• **Source data**

>>>

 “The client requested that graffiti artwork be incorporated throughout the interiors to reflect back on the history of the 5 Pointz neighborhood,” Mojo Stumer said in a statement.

<<<
>>>

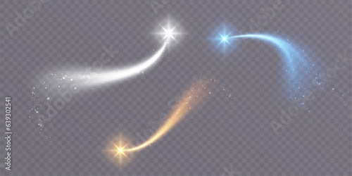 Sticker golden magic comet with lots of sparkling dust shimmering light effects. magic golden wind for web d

<<<
>>>

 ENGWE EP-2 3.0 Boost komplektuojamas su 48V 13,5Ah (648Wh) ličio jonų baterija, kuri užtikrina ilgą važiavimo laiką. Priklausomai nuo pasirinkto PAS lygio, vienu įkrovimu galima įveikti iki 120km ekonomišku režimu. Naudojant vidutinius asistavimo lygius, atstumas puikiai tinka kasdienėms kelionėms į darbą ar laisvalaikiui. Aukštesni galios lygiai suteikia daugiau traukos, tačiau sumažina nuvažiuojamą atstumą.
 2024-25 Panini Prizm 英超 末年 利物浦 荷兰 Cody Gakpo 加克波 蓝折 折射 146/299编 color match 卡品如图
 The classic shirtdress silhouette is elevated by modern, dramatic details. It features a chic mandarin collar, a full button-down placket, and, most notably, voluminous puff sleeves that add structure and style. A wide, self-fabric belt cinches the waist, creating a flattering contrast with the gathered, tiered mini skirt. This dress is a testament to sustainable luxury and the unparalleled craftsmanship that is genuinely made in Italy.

<<<

With the line holding "2024-25 Panini Prizm" as the first and the line holding "The classic shirtdress" as the last, set down that range of the entries above exactly, and nothing else.

• **Result of this exercise**
 2024-25 Panini Prizm 英超 末年 利物浦 荷兰 Cody Gakpo 加克波 蓝折 折射 146/299编 color match 卡品如图
 The classic shirtdress silhouette is elevated by modern, dramatic details. It features a chic mandarin collar, a full button-down placket, and, most notably, voluminous puff sleeves that add structure and style. A wide, self-fabric belt cinches the waist, creating a flattering contrast with the gathered, tiered mini skirt. This dress is a testament to sustainable luxury and the unparalleled craftsmanship that is genuinely made in Italy.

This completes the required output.